>> Is there some way to kill all TCP connections that go over the network
>> interface `foo' whenever this interface is brought up with an IP address
>> different from the one it had before?
> Chris Davies a écrit :
>> Try an iptables -t nat ... -j MASQUERADE rule
> Pascal Hambourg <boite-a-(E-Mail Removed)> wrote:
>> Note that this won't affect existing connections in the TCP/IP stack and
>> sockets ; it will only erase them in the Netfilter connection tracking
>> table.
> Yes. Re-reading the man page (yet again - I learn something fresh each
> time) I've now realised that, thanks. Perhaps the OP might like to play
> around with "cutter". Something like this, triggered when the interface
> is dropped, seems reasonable to me:
> netstat -na |
> awk '$1 ~ /^tcp/ && /ESTABLISHED/ {
> split($4,s,":"); split($5,d,":"); print s[1],s[2],d[1],d[2] }
> ' |
> xargs -n4 cutter
Thanks, this is close to what I want indeed.

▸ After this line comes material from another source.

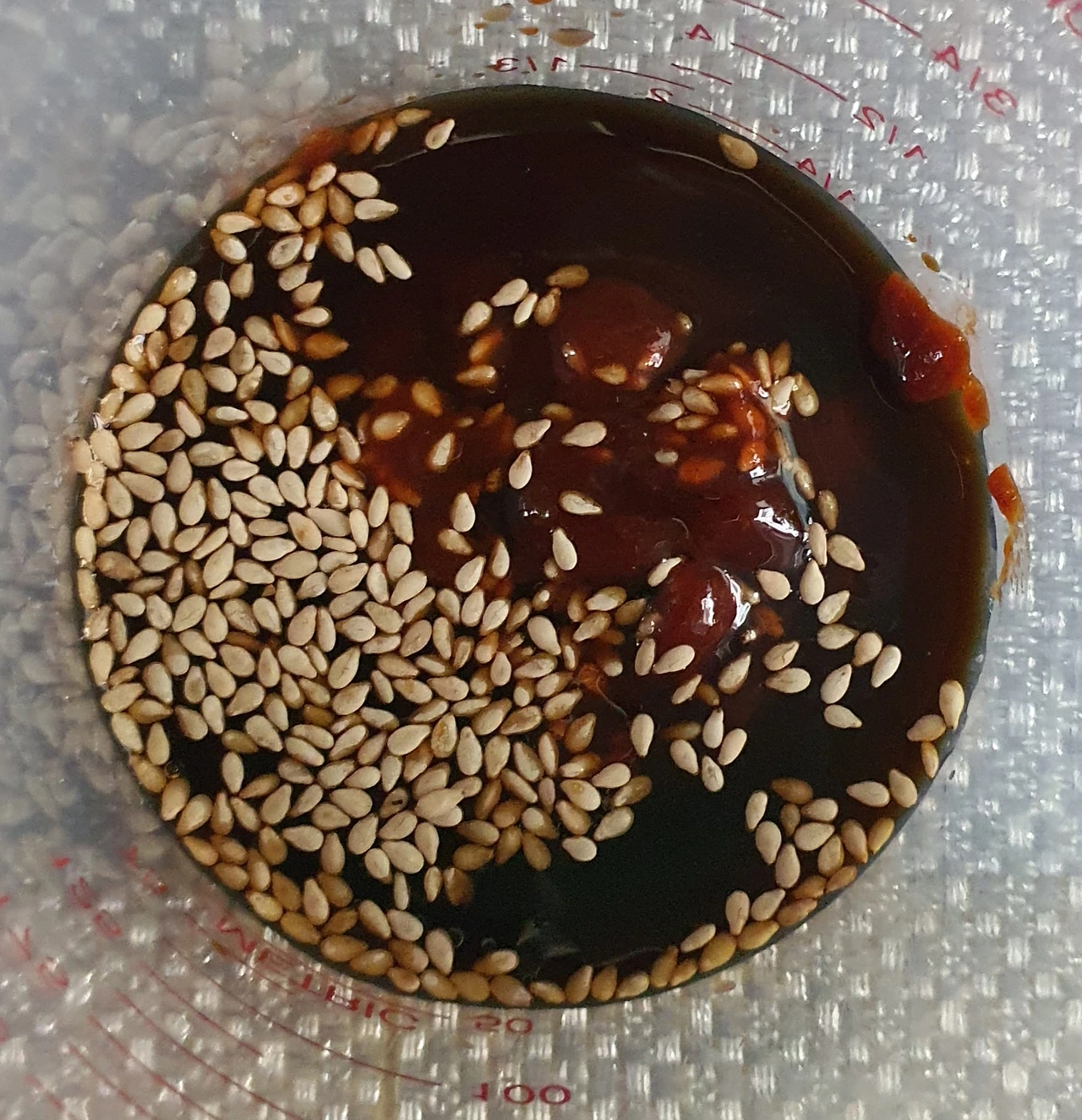 ■ 소스 : 간장 1큰술, 고추장 ½큰술, 식초 2큰술, 요리당 1큰술, 통깨 조금

But it turns out that `cutter' is really meant to be run on the
router(firewall) machine, rather than on my laptop. I.e. it can kill
connection that go *through* a machine, but not the connections that
start/end at the current machine. It doesn't look an inherent limitation in
the technique it uses, so maybe I'll try and find the time to play with the
source code.
Still it seems like for my specific problem, `cutter' is a bit heavy handed
and a simpler solution should be possible. Still, following your suggestion
I googled for tcp cutting and tcp killing, and I found `tcpkill' which is
also a close match, except it only kills the connections on which there is
activity and it doesn't know when to stop (basically it monitors tcp
activity of a specified kind and kills it whenever it sees it, without being
able to tell if there are such connections left or not).